DATASET ENTRIES Block Start

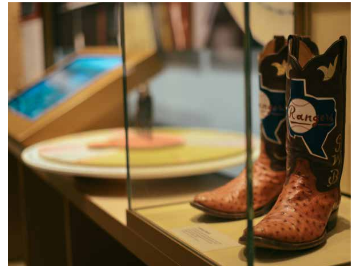
THE GEORGE W. BUSH PRESIDENTIAL LIBRARY AND MUSEUM OPENS WITH AN EXHIBIT ON THE BUSHES' EARLY LIVES IN TEXAS AND LIFE IN THE WHITE HOUSE PRE-9/11, INCLUDING TWO DOMESTIC POLICY INITIATIVES: THE TAX CUTS AND THE LANDMARK EDUCATION ACT, "NO CHILD LEFT BEHIND."
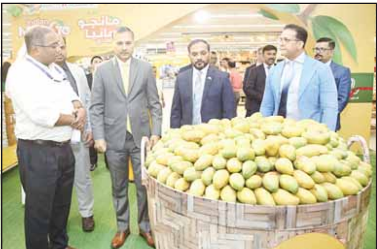
Indian Mango Fest opens at Lulu Hypermarket.

Six premium Indian mangoes featured at Lulu
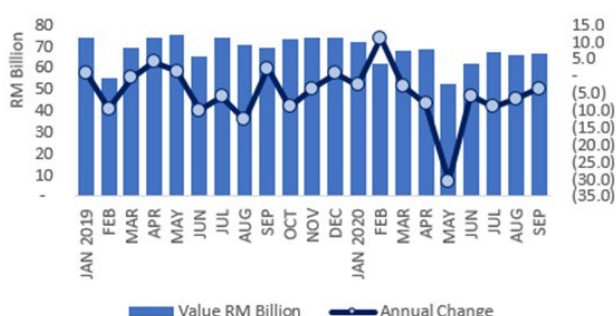
Chart 2: Imports, Value (RM Billion) and Annual Change (%)
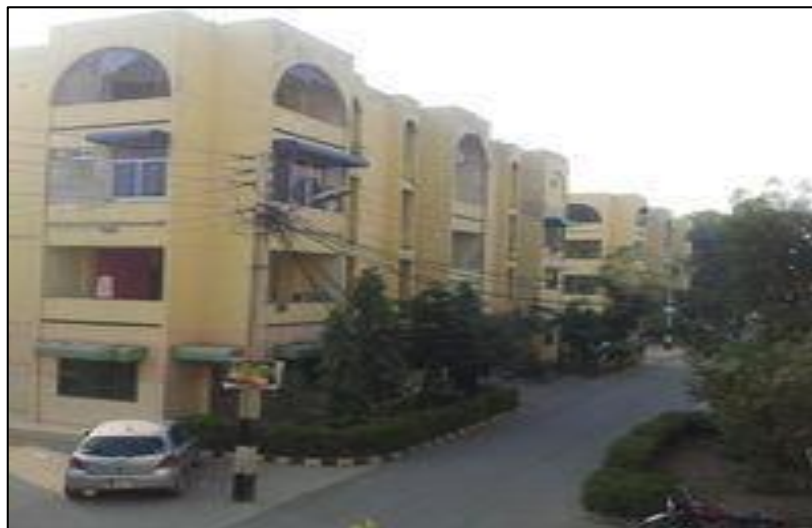
Figure 8: Apartment buildings in Lahore

The issue of urban housing is seen to be solved via vertical growth. The current study seeks to examine the topic of flat living in Lahore, Pakistan, from a variety of angles. However, the study was expanded to include the in-depth privacy experiences of adolescents because it was noticed that this age group was being severely underrepresented in both research and the distribution of privacy in apartments. Assessing inhabitants' contentment with and favorability of vertical living was the study's main objective. Although they are happy with the building's infrastructure, the residents do not favor vertical over horizontal housing. Because of the close quarters and shared space that come with vertical growth, adolescents in apartments also prefer horizontal dwelling to vertical living. The use of spaces within dwellings is related to specific aspects of personality development at this age. The research can be used to develop and execute policies for sustainable vertical housing (Fatima, 2019).
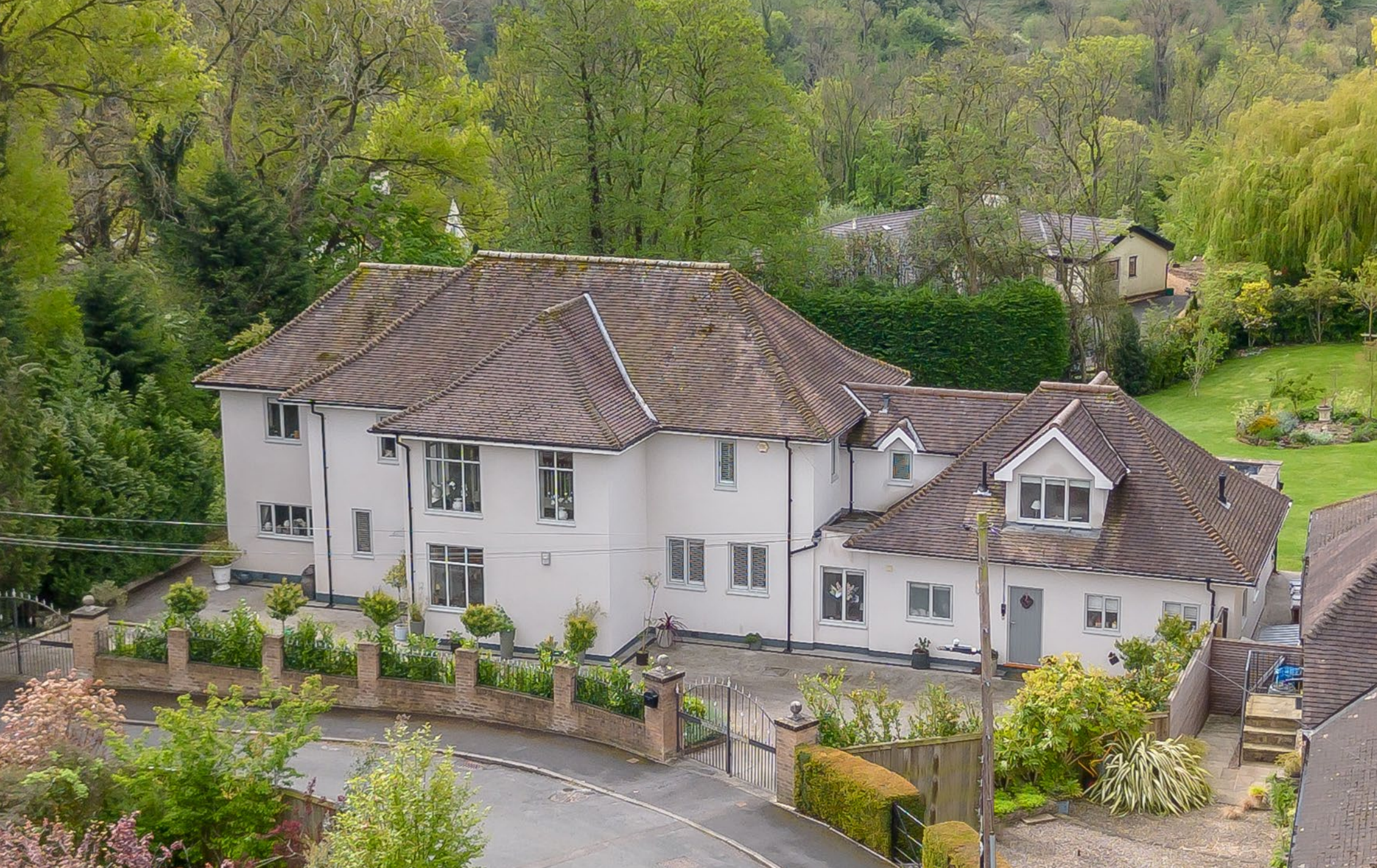
WINDRUSH HOUSE Fortune Hill, Knaresborough
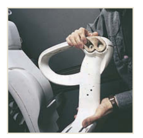
Tooling Global invests heavily in highprecision tooling to maximize efficiencies, ensure rigid quality control and reduce product costs for its customers.
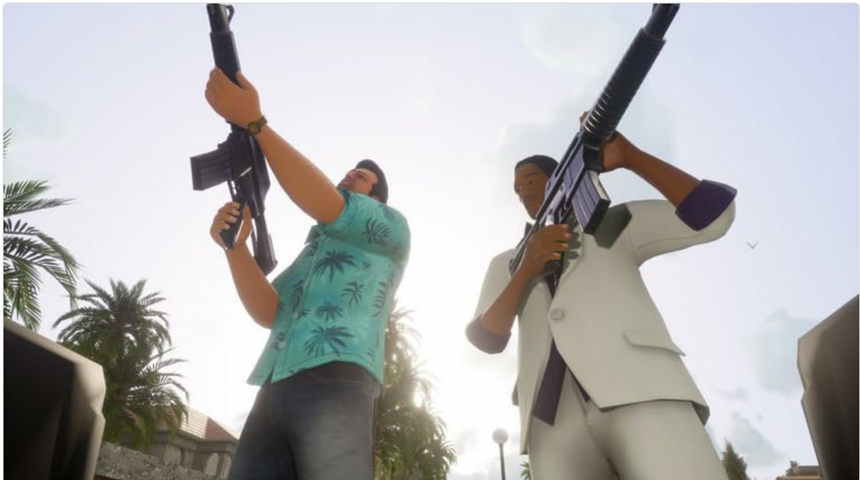
Image 3.4.2: Two characters from Grand Theft Auto: The Trilogy holding firearms, illustrating combat elements within the games.
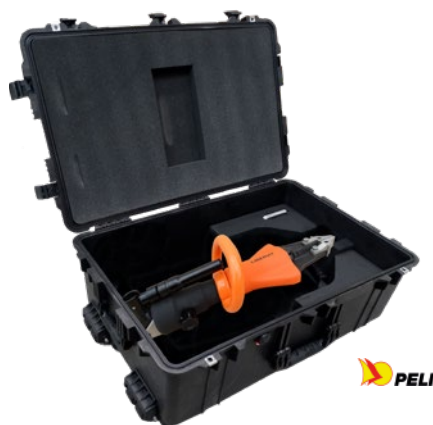
on option, PELICASE® transport case, ref. VDT/M28
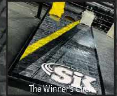
The Winner's Circle
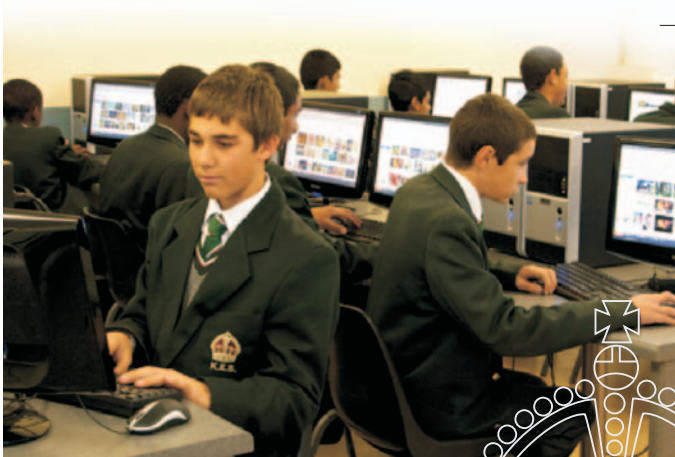
Learners at work in the computer centre.
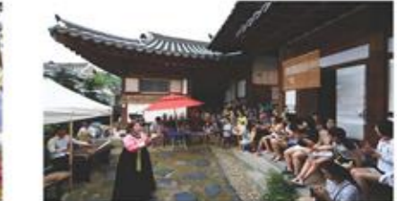
traditional village A place for performances, food and cultural experiences
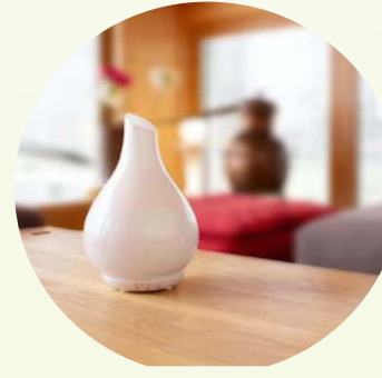
7064 Aroma Spa Ultrasonic Diffuser (pearl)
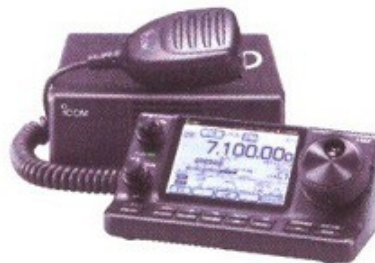
ICOM IC 7100

TICKET $10 EACH 200 TOTAL TICKETS DRAWING TO BE HELD WHEN LAST TICKET IS SOLD
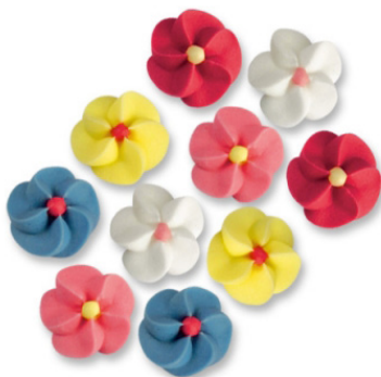
Z0483 Small Assorted Sugar Flowers 500 Pack Box
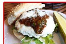
Arugula, Basil Ketchup, Parmesan Cheese, & Mozzarella Cheese
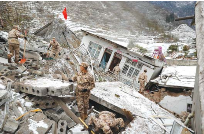
Chinese military personnel search for missing victims following a landslide in Liangshui village at Zhaootong, in southwestern China's Yunnan province.

Footage shared on social media by a local broadcaster showed emergency workers in orange jumpsuits and helmets forming ranks outside a fire station as snowflakes whirled through the air. Other images showed rescuers picking through towering piles of collapsed masonry in which a few personal belongings could be seen. Chinese President Xi Jinping ordered "all-out" rescue efforts, CCTV reported. Xi "demanded that rescue forces be organised quickly...and efforts made to reduce casualties as far as possible," the broadcaster reported him as saying.
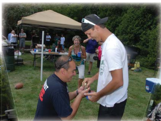
The Winners - Fleet Last year's winner passes the coveted Pig Trophy

DATASET ENTRIES Block End

◆ **GOAL OF THE EXERCISE**: Beginning with the line that contains "Figure 8: Apartment buildings in Lahore" and ending with the line that contains "on option, PELICASE®", reproduce the listing exactly, pictures excluded.

◆ **WRITTEN SOLUTION**:
Figure 8: Apartment buildings in Lahore

The issue of urban housing is seen to be solved via vertical growth. The current study seeks to examine the topic of flat living in Lahore, Pakistan, from a variety of angles. However, the study was expanded to include the in-depth privacy experiences of adolescents because it was noticed that this age group was being severely underrepresented in both research and the distribution of privacy in apartments. Assessing inhabitants' contentment with and favorability of vertical living was the study's main objective. Although they are happy with the building's infrastructure, the residents do not favor vertical over horizontal housing. Because of the close quarters and shared space that come with vertical growth, adolescents in apartments also prefer horizontal dwelling to vertical living. The use of spaces within dwellings is related to specific aspects of personality development at this age. The research can be used to develop and execute policies for sustainable vertical housing (Fatima, 2019).
WINDRUSH HOUSE Fortune Hill, Knaresborough
Tooling Global invests heavily in highprecision tooling to maximize efficiencies, ensure rigid quality control and reduce product costs for its customers.
Image 3.4.2: Two characters from Grand Theft Auto: The Trilogy holding firearms, illustrating combat elements within the games.
on option, PELICASE® transport case, ref. VDT/M28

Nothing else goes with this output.